Le Giec, une institution de l’Onu qui rassemble les plus grands spécialistes du réchauffement climatique, produit un rapport tous les sept ans depuis les années 1990. Ses conclusions sont relues, corrigées et approuvées par des milliers d'experts à travers le monde et des représentants de chaque gouvernement. Chacun de ces rapports comprend trois volets : l’un sur le constat, l'autre sur les impacts du dérèglement climatique et le troisième sur les solutions. C'est cette dernière partie du sixième rapport du Giec qui a été publiée ce lundi. Elle vise à présenter les solutions technologiques les plus pertinentes pour réduire nos émissions de gaz à effet de serre.
Le CO2 doit cesser de croître avant 2025
Selon ce rapport, il nous resterait huit ans pour mettre en place des solutions fortes de réduction d’émissions de GES. Aujourd’hui, le CO2 ne fait qu’augmenter. Il faut qu’il cesse de croître avant 2025, et que la quantité émise soit réduite de moitié d’ici 2030.

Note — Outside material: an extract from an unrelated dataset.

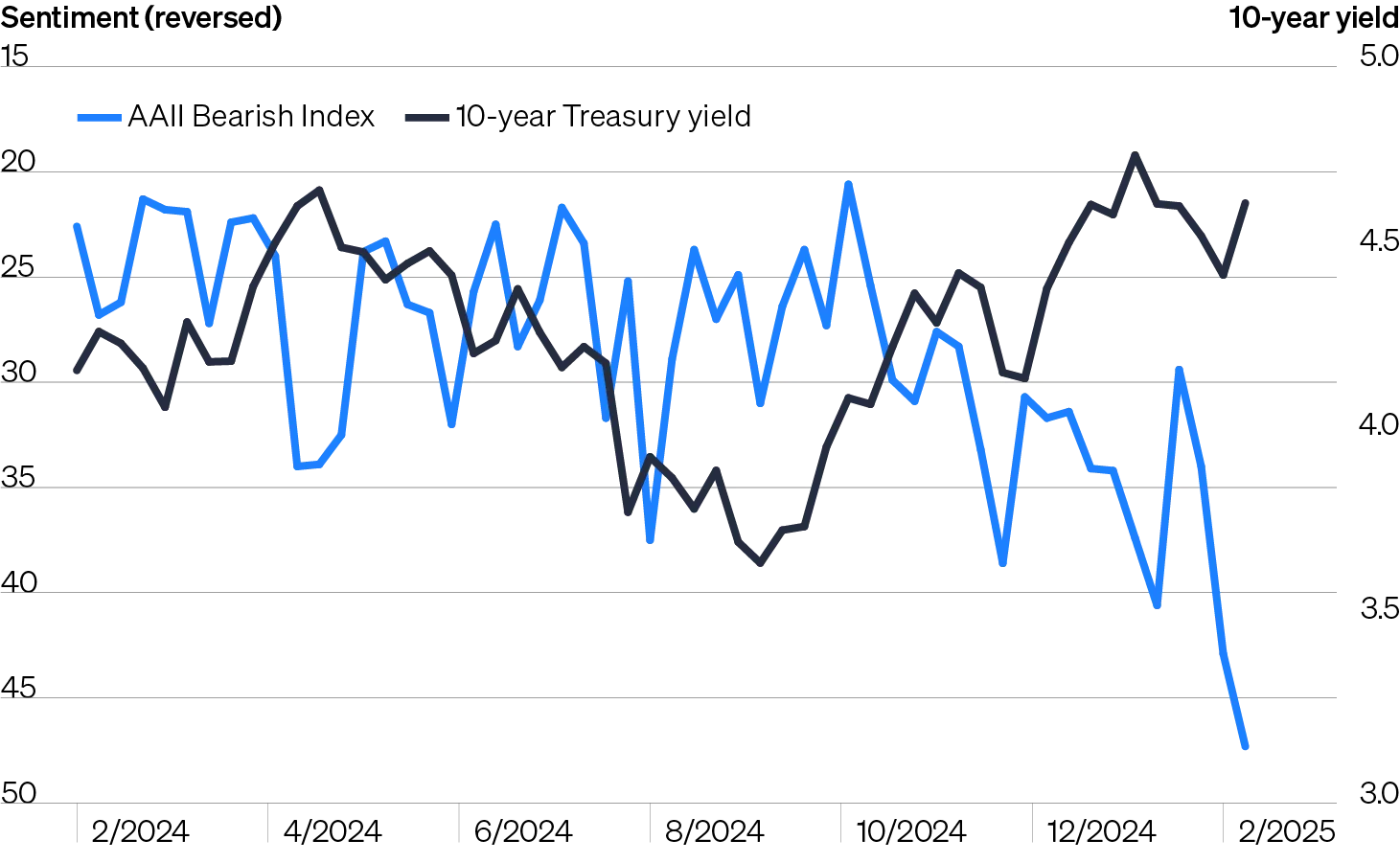 - Bloomberg Intelligence, L.P. as of February 13, 2025. AAII Bearish Index refers to the percentage of investors surveyed by the American Association of Individual Investors (AAII) who believe stocks will decline over the next six months

Nadia Maïzi, professeure à l’École des Mines, est l’une des autrices du rapport, veut alarmer sur le sérieux de cette étude : "On n’est pas là pour crier au loup encore plus fort que d'habitude. Car ce sont vraiment des éléments de mesure, des preuves scientifiques… D’ailleurs, je pense que tout le monde a pu comprendre que les derniers événements, les derniers incendies, les derniers 40 degrés dans les pôles sont des questions assez prégnantes aujourd’hui."

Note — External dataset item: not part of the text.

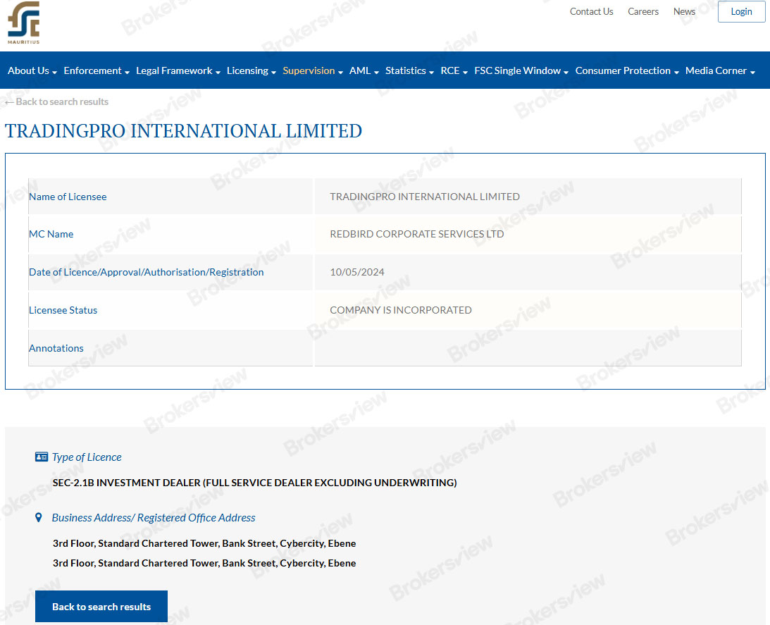 TradingPro holds a license from the Mauritius Financial Services Commission (FSC) as an investment dealer, but the regulator does not disclose the website domain for verification. Additionally, the Mauritius FSC's offshore oversight is lax, increasing the likelihood of broker misconduct.

Parmi les actions efficaces et immédiates à adopter, le rapport se consacre pour la première fois aux solutions comportementales, telles que la réduction de la consommation d’énergie ou de la consommation de viande, une première dans l’histoire du Giec.
La sobriété comme solution majeure contre le changement climatique
Les scientifiques tentent ainsi de répondre à la question : "Comment le monde peut se passer d’une partie de l’énergie aujourd’hui produite ?" C’est un concept qui n’est pas nouveau, cela s’appelle la "sobriété", mais ce domaine n’avait jamais été présenté par le Giec comme l’une des solutions majeures pour combattre le réchauffement climatique. C’est en effet un sujet politique très sensible.
"La sobriété, c’est une diminution de notre consommation d’énergie en revoyant nos modes de vie et nos habitudes", définit Nicolas Goldberg, consultant en énergie chez Colombus Consulting.
"Il ne faut pas confondre ce terme avec "efficacité", qui est faire la même chose mais de manière plus efficace, comme se loger dans une maison bien isolée pour mieux se chauffer", poursuit-il. "La sobriété, en revanche, c’est limiter son chauffage à 19 degrés et enfiler un pull".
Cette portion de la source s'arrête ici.